Until relatively recently, West Australians often didn’t have the chance to eat West Australian oysters. But in late 2024, the Harvest Road Group began harvesting the Albany Rock Oyster in the Great Southern region, providing connoisseurs with a treat that was hitherto largely unavailable.
After four years of investment and job creation, Harvest Road’s aquaculture business, Leeuwin Coast, was in a position to deliver oysters widely across Western Australia, as well as to customers in Sydney and Melbourne.
The oysters have already received an enthusiastic reception. At the 2024 Sydney Royal Easter Show, Leeuwin Coast won three gold medals for its WA rock oysters – in the Sydney rock oyster category.
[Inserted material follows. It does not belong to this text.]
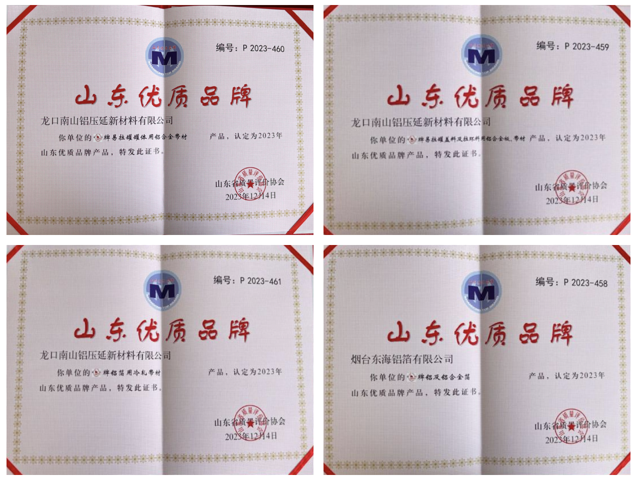 其中,南山鋁業(yè)被山東省質量評價協(xié)會評定為山東省優(yōu)質品牌的產品有:“南山牌易拉罐罐體用鋁合金帶材”“南山牌易拉罐蓋料及拉環(huán)料用鋁合金板、帶材”“南山牌鋁箔用冷軋帶材”及“南山牌鋁及鋁合金箔”等。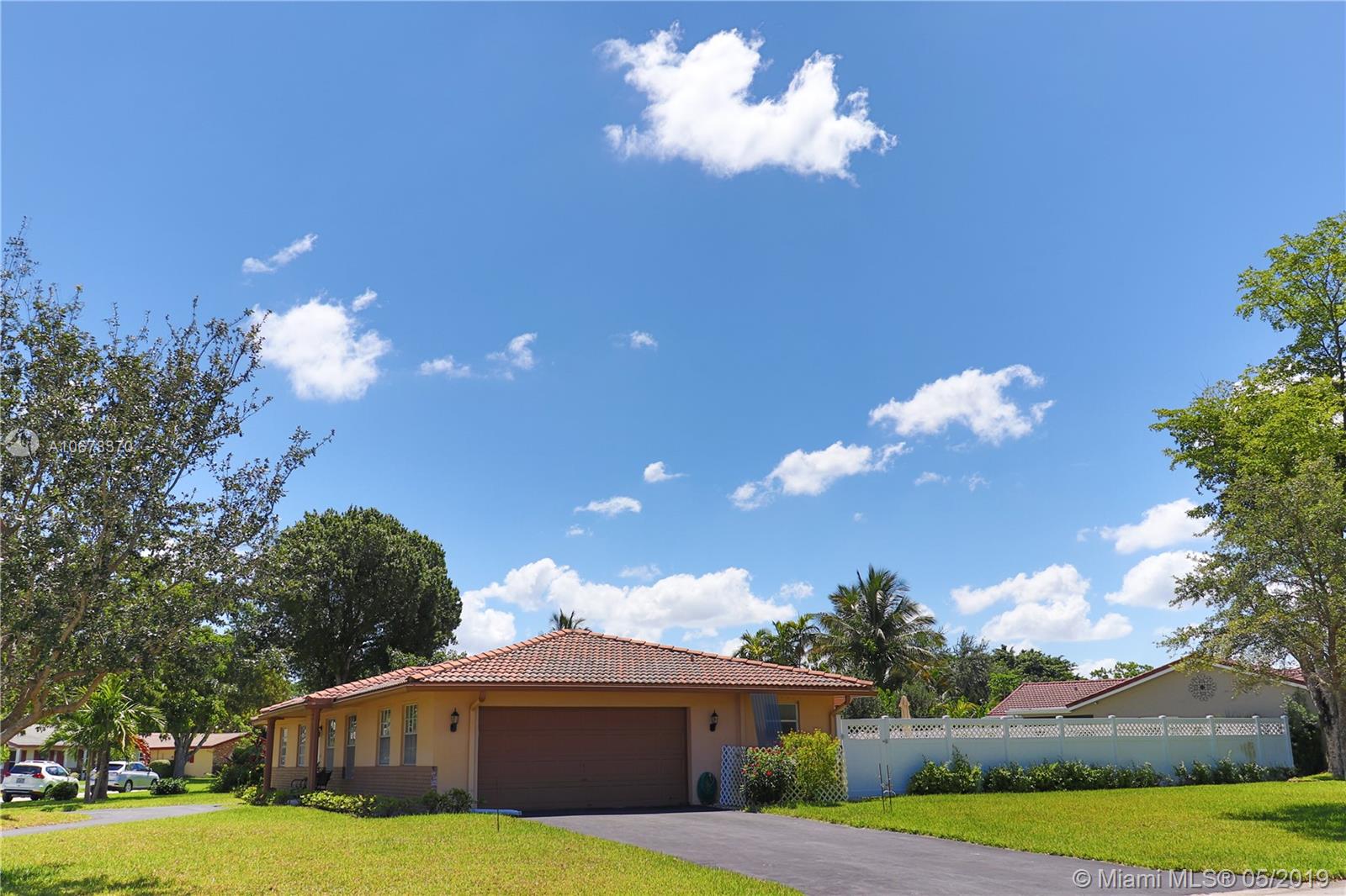 Located in the heart of Coral Springs. 4 bedroom / 2 bath with a corner lot of over 12,000 sq ft. Eat in kitchen area. Spacious bedrooms. Remodeled master bathroom. Tons of storage. Neutral tile throughout. NO POPCORN on ceilings. Water heater 5 years old. Air conditioner approx 7 years old. Home has gutters. Florida room has 2 sets of hurricane impact doors. This home is walking distance to shopping, recreation, and more! Excellent schools. Walking distance from elementary school. A backyard that is simply amazing and is entirely beautifully fenced. No HOA. Easy access to pool area from kitchen and Florida/family room. Home is well maintained with a great layout. Call today for more details. SELLER MOTIVATED! QUICK CLOSE!

Normally harvested in the warmer months of November to April when they are in peak condition, Albany Rock Oysters are grown in the aptly named Oyster Harbour, nourished by fresh waters from the King and Kalgan Rivers and saltwater of the Southern Ocean.
Shoal Bay operation
Harvest Road, a portfolio company of Tattarang, is also developing a second oyster grow-out operation at nearby Shoal Bay.
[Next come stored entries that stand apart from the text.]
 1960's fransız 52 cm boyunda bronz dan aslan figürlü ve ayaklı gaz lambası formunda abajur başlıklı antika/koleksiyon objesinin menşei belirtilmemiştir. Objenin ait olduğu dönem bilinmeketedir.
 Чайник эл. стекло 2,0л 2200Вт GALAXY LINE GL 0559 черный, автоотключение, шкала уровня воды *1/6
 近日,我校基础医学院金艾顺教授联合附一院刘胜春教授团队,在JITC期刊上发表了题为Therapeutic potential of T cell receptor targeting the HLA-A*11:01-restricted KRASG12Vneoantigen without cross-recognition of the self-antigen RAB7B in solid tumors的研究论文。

Harvest Road Group CEO, Tim Wood, said the business was proud to be developing a growing industry in the Great Southern.
“The national recognition that Harvest Road has already received gives us confidence that Albany Rock Oysters will be a growing industry for Western Australia and will be a premium oyster of choice for diners in Western Australia and on the east coast alike,” he said.
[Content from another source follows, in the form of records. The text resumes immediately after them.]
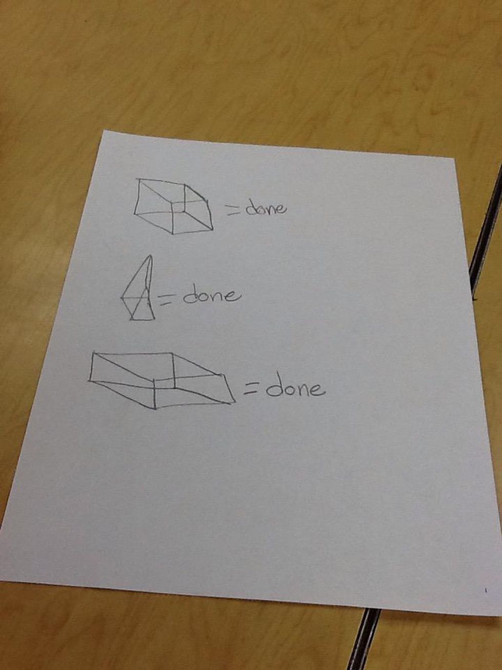 Then with the square and the rectangle, top left hand corner to top left hand corner. With the triangle you just connect the two top points and your done!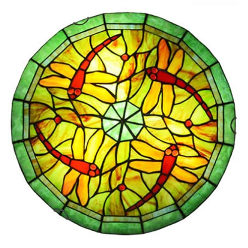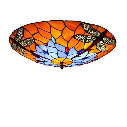 Tiffany stil Dragonfly taklampa, färgat glasskugga taklampa, vintage dekor ljuskronor för sovrum vardagsrum kök hallway,40cm
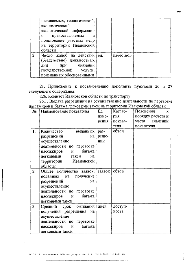Постановление Правительства Ивановской области от 04.09.2012 N 336-п "О внесении изменений в постановление Правительства Ивановской области от 26.06.2008 N 164-п "Об утверждении перечня показателей, характеризующих оказание (выполнение) государственных услуг (работ) в Ивановской области"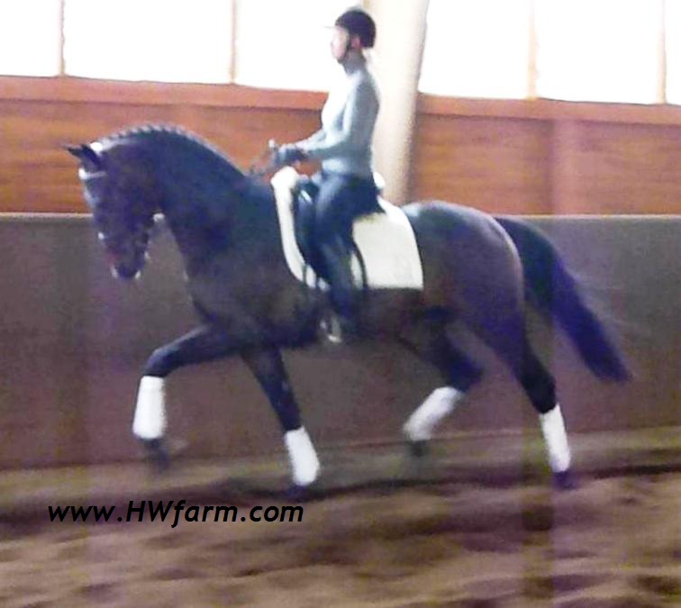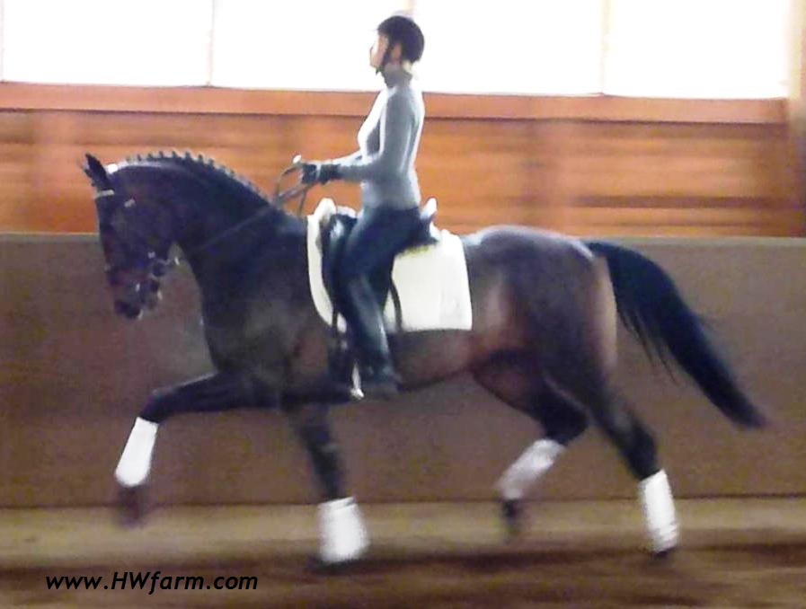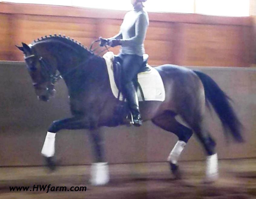 Saint Tropez, another successful offspring of the stallion of the century! He is sired by Weltmeyer: 1997 in Adelheidsdorf From his first foal crop, Weltmeyer's son Wittinger won the 1991 German Champion Three Year Old Riding Horse title, and won the 1992 Stallion Performance Test. Another son, Weltburger, was the Four Year Old German Riding Horse Champion in 1993. Weltmeyer's daughter Windrose was Reserve Champion Mare in the European Mare Show for Riding Horses. From Weltmeyer's second foal crop came the Stallion Performance Test winner and 1993 Three Year Old Riding Horse Champion - Wolkenstein II. From the third crop came yet another multiple Champion, Wolkentanz. Another son, Welt Hit O, was the 1994 Reserve Champion Three Year Old Riding Horse. In 1995 the Weltmeyer son White Star was named Reserve Champion of the Stallion Licensing. Another son, White Magic (out of a Bolero mare), dominated the Stallion Performance Test. In 1996 White Star was the German Three Year Old Riding Horse Champion, and the Weltmeyer daughter Wildrose was named the Champion Three Year Old Riding Horse Mare. The list continues to grow each year as Weltmeyer progeny prove themselves with superior talent and quality. Weltmeyer and his sons: The grand dam sire of Saint Tropez is nobody less than the famous Brentano. Brentano II, Hanoverian Stallion of the Year 2003: The Celle state stud stallion Brentano II is the Hanoverian stallion of the year 2003. At the Verden stallion licensing, the chestnut stallion was awarded this prestigious title. His breeder, Dr. Max Schulz-Stellenfleth, Stellenfleth, was honored with a check for EURO 10,000.00 and a valuable Wohlklang-statuette. The Uelzener insurance company always generously supports this award that honors important Hanoverian stallions who have a tremendous influence on the breed. In 1983, Brentano II was born on Dr. Max Schulz-Stellenfleth's farm in Kehdingen. His dam, the Grande-daughter Glocke, descends from one of the most important mare families in Hanover, going back to the Schumann-daughter S449. The stallions Garibaldi I and II, Wolkenstein I and II and Beltain as well as Beauvalais, one of the internationally most successful dressage horses with Beatriz Ferrer-Salat, belong to this equine family. Recently, Beltain caused a sensation in Warendorf: Under Holga Finken, his son Belissimo M became federal champion of three-year-old stallions. After having won the stallion licensing, Brentano II moved to the Celle National Stud. At his stallion performance test, he presented the best dressage performances, and with a final score of 129,97, he ranked second. One year later, he achieved the fourth place at the Federal Championships of the German Riding Horse. He is trained up to advanced dressage level, and he has been belonging to the Celle Quadrilles for years now. Since 1987, he has been stationed in Artland, first in Natbergen, later on at the Ankum insemination station. At the World Equestrian Games in Jerez, Brentina won the team bronze medal under the American Debbie McDonald. Her right brother Barclay is just about to start his international career with Gonnelien and Sven Rothenberger. In the youngster division, Bernstein and Christian Ritter are a successful and important equine pair. This year, Bon Jovi was especially successful: He won the federal championship title of four-year-old horses in Warendorf. Apart from that, he is the dam's sire of the Brandenburg mare Poetin who is on everyone's lips after having won the World Breeding Championships Dressage of Young Horses and the Federal Championships. Brentano II is a dressage stallion with an exemplary inheritance, and his dressage breeding evaluation reaches the above-average mark of 137 points. With his successful offspring, he is one of the sons of the trademark stallion Bolero who ensured a revival of this bloodline in sport. Thus in October, Bonaparte (Heike Kemmer) was awarded the most successful dressage horse of the world. Brentano II, a phenomenal stallion! Saint Tropez has dream bloodlines, gaits and attitude. He is a horse of unbelievable quality and an outstanding mover. He has the elasticity everybody is looking for. He has a free shoulder, a huge grundschwung and swings nicely through his back. This extremely talented stallion has international potential. He is dark bay and beautiful. He is a very sweet gentleman that has a quiet nature and the talent to do it all. He is very rideable and trustworthy. The girl in the video loves to ride him and can't wait to get on his back as often as possible. He is easy to handle and loves his personal grooming time and puts his head right in your lap, striving for attention. This boy will go far in the dressage ring, he is your ticket to the top! Buy him now and show him yourself in the 4 year old Young Horse Championships in 2013 and in addition you could breed with him if you wish and produce your own quality offspring!

General Manager, Aquaculture, Richard Kohne, said the oysters were carefully managed across their three-year lifecycle to create a premium shape and flavour.
“Starting their life in the local hatchery, and then transitioning to purpose-built, state-of-the-art nursery facilities, Albany Rock Oysters are graded so that only the best quality juveniles continue their journey into the baskets in Oyster Harbour,” he said.
“But ultimately it’s the pristine, nutrient-rich waters of the Great Southern that are delivering the exceptional, well-balanced flavour that experts and chefs are applauding.”